What needs to be done =
In the entries below, find the line with "Ручной тормоз, ременная" and the line with "U četvrtak, 04.", then retype both and everything between them exactly. Do not copy the pictures.

Material for this task =
Segment Open
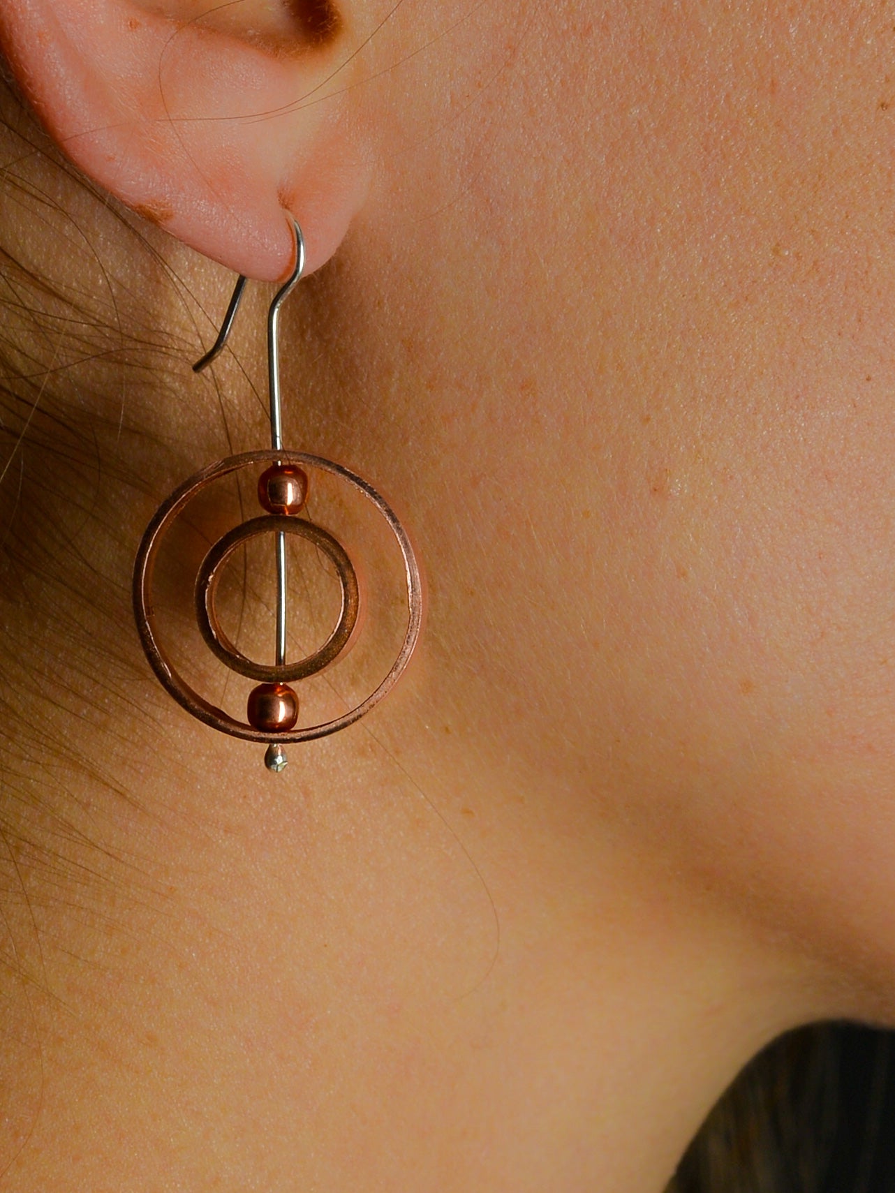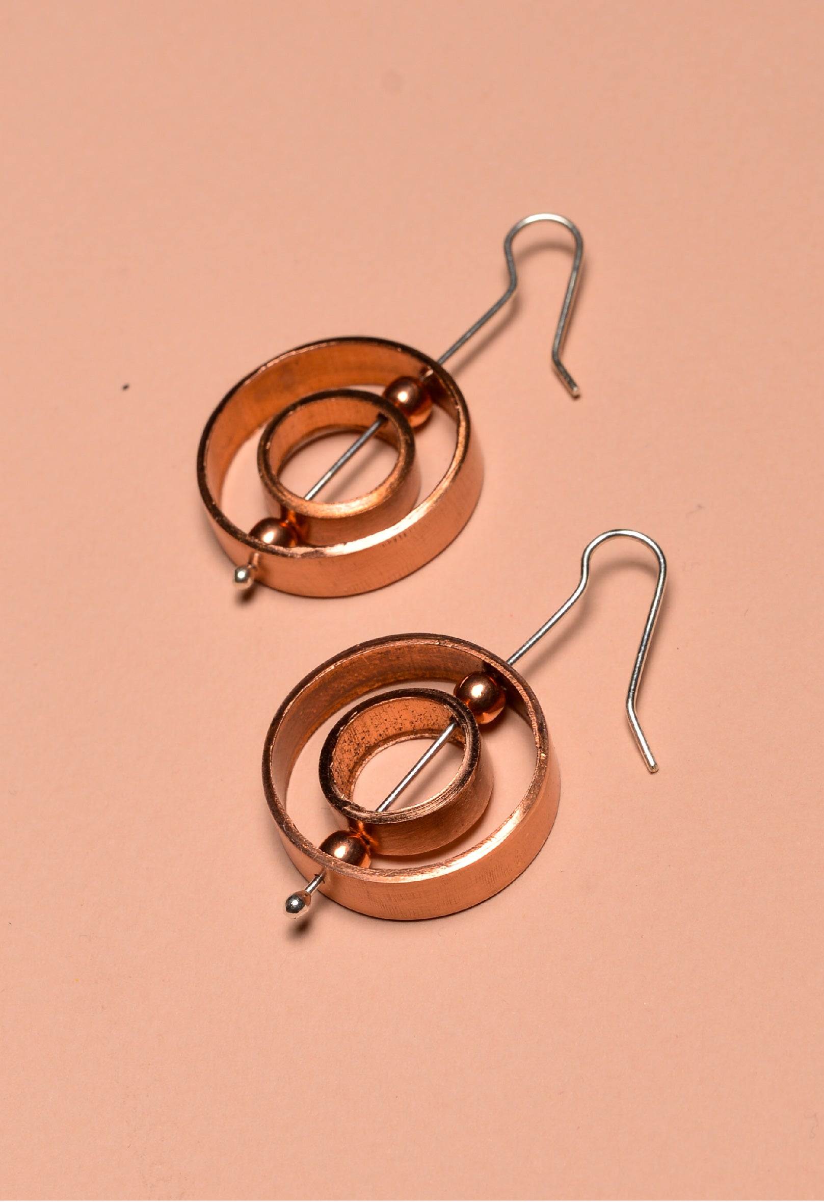 Aros de cobre con vástago de plata.
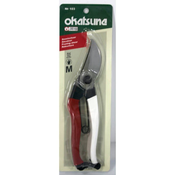 Marimea M. Aceasta foarfeca universala profesionala fabricata de Okatsune din Japonia este excelenta pentru taierea rapida si usoara a ramurilor de pana la 25 mm cum ar fi arbusti, vita de vie, trandafiri sau pomi fructiferi. Okatsune 103 este cea mai populara dintre cele trei foarfece ale acestei game avand o lungime de 200 mm ceea ce o face potrivita pentru toti utilizatorii cu mana medie. Gama de foarfece Okatsune se remarca printr-o functionalitate perfecta specific japoneza completata de o constructie simplista si eleganta. Lamele sunt forjate din otel de cea mai buna calitate (Yasugi Steel) cu o duritate ridicata (60-61 pe scala Rockwell), dar cu o flexibilitate speciala astfel incat lama taietoare sa se alinieze permanent cu contra lama chiar si dupa o utilizare intensa. In acest fel lamele raman ascutite o perioada lunga de timp asigurand constant o taiere curata, precisa si fara efort. Potrivita utilizatorilor cu mana mai mica Diametru de taiere de pana la 25 mm Lungime totala 200 mm Lungime lama 55 mm Greutate 202 g
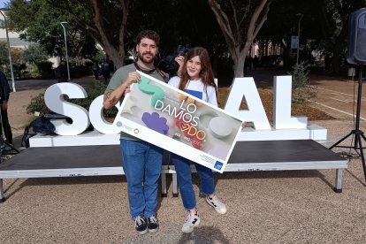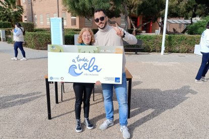Instante en el que se levantó la lona este martes en el campus de la UAL por el Giving Tuesday.
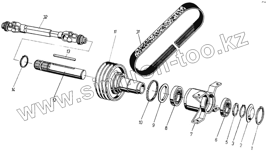 Ручной тормоз, ременная муфта, муфта обратного хода, обводной вал, регулировка откидной заслонки
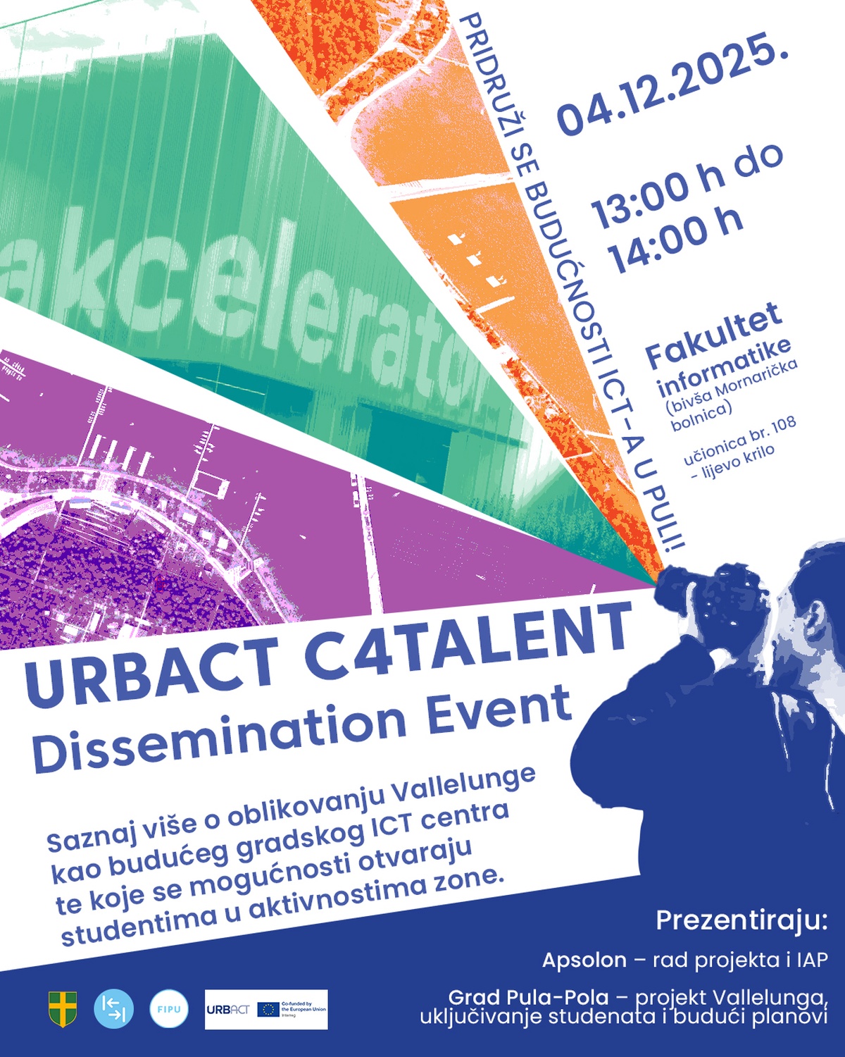 U četvrtak, 04. prosinca u 13:00 sati, na Fakultetu informatike u Puli održat će se predstavljanje rezultata projekta URBACT IV – C4TALENT.
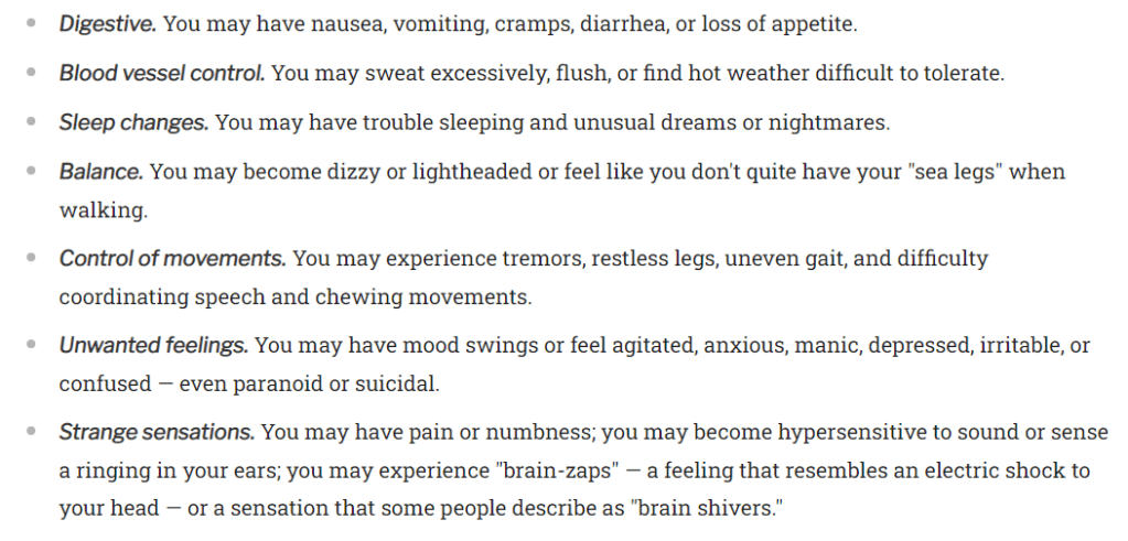 To deal with this, patients are advised to taper down on their medications over a long period of time. Luckily for me, symptoms go away extremely quickly after taking a dose of my prescribed medicine. I think of the discontinuation symptoms as a gentle reminder for me to drop what I’m doing and go to the pharmacy (before things get worse). The longest I went without my medications was 2 weeks this last winter, and I would prefer not to experience that again.
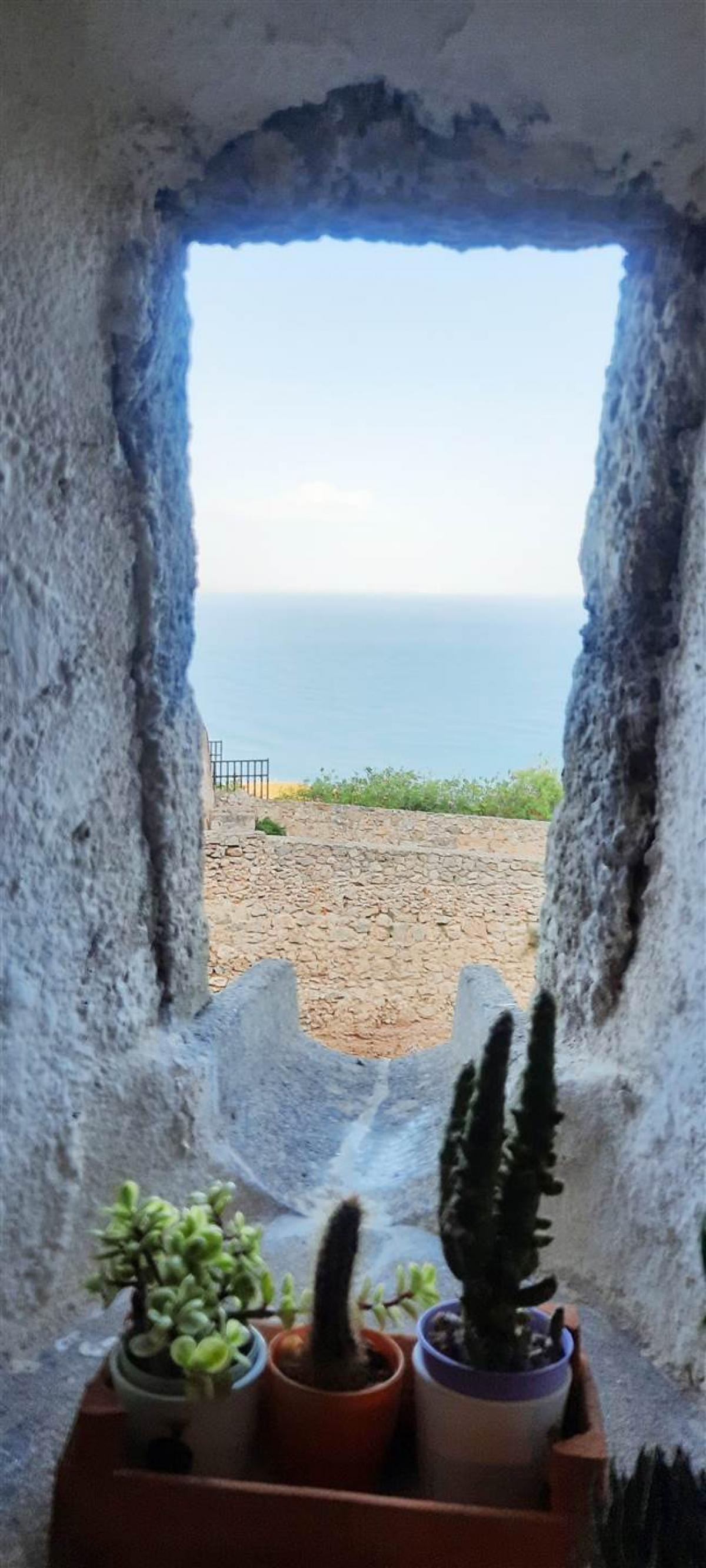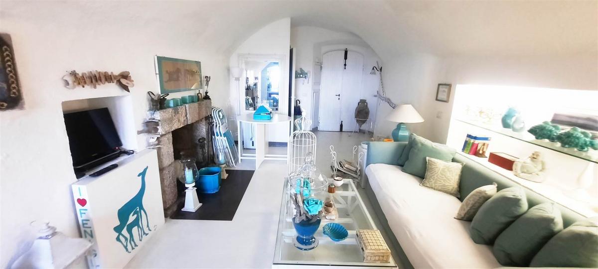The apartment is spread across multiple levels, with its own independent entrance. On the ground floor, you enter into the living room with an antique fireplace and panoramic sea views, creating a welcoming and refined environment. A few steps up leads to the separate kitchen, with a dining area, where you can enjoy meals while taking in the beautiful views.
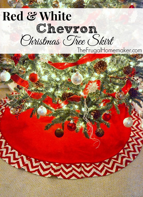 I also made this easy red + white chevron tree skirt – again you could customize to any color and design you want. But this one was quite simple to make with some very basic sewing – could even hand stitch it.
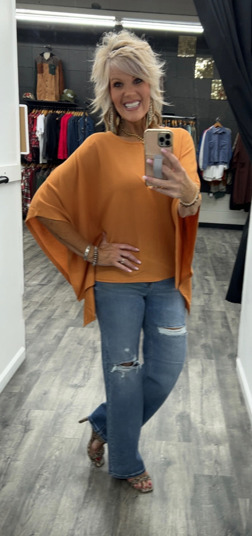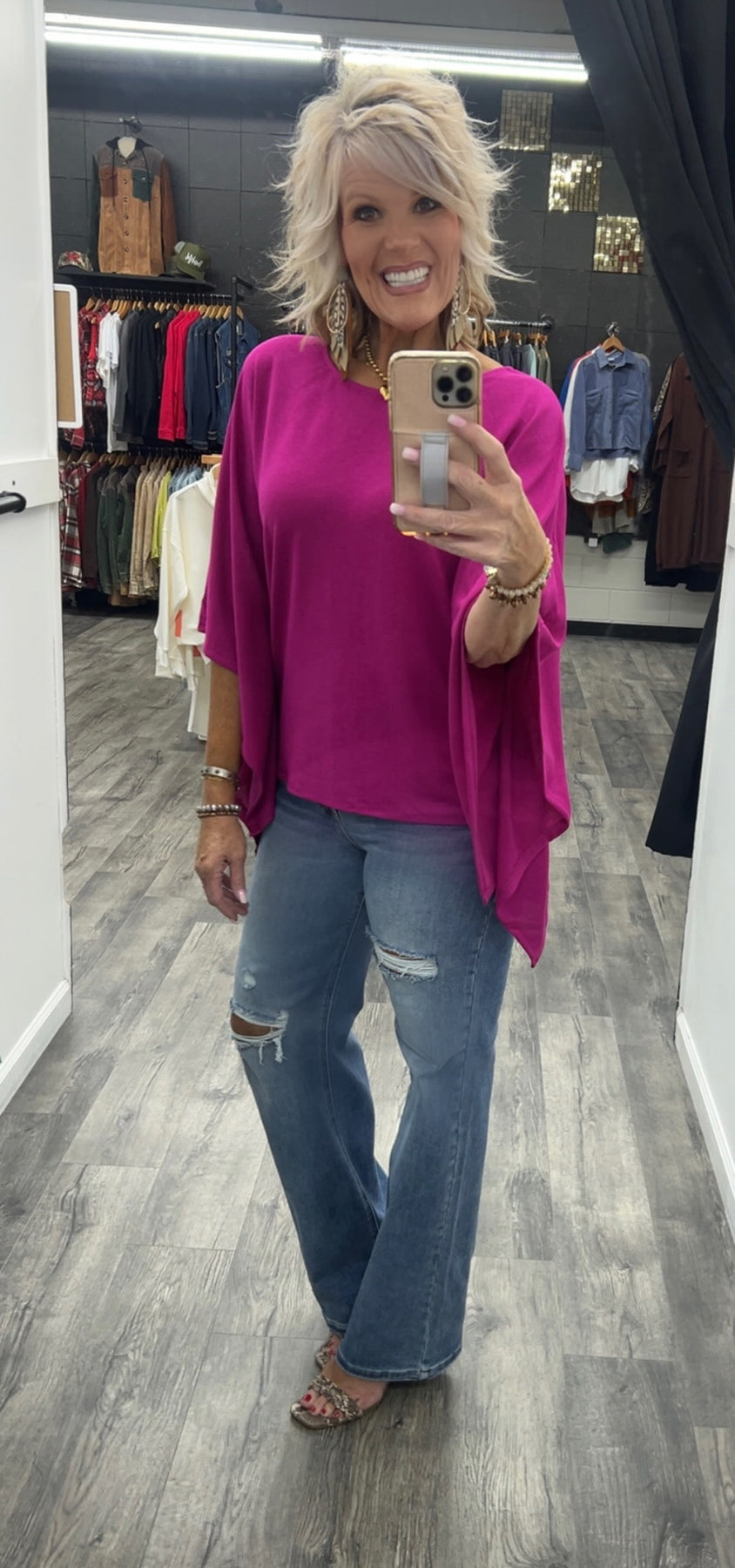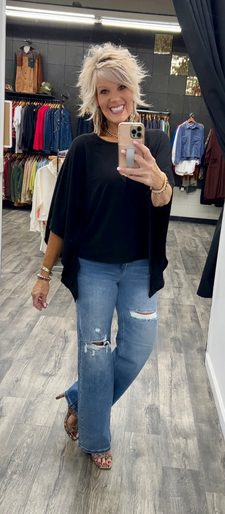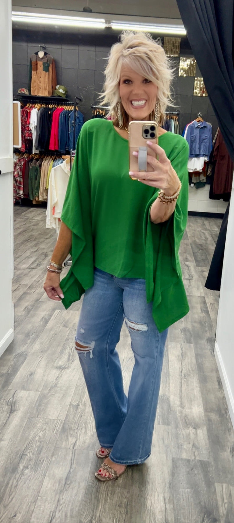 Poncho style top made with polyester, rayon and spandex
Segment Closed
Written answer =
 Ручной тормоз, ременная муфта, муфта обратного хода, обводной вал, регулировка откидной заслонки
 U četvrtak, 04. prosinca u 13:00 sati, na Fakultetu informatike u Puli održat će se predstavljanje rezultata projekta URBACT IV – C4TALENT.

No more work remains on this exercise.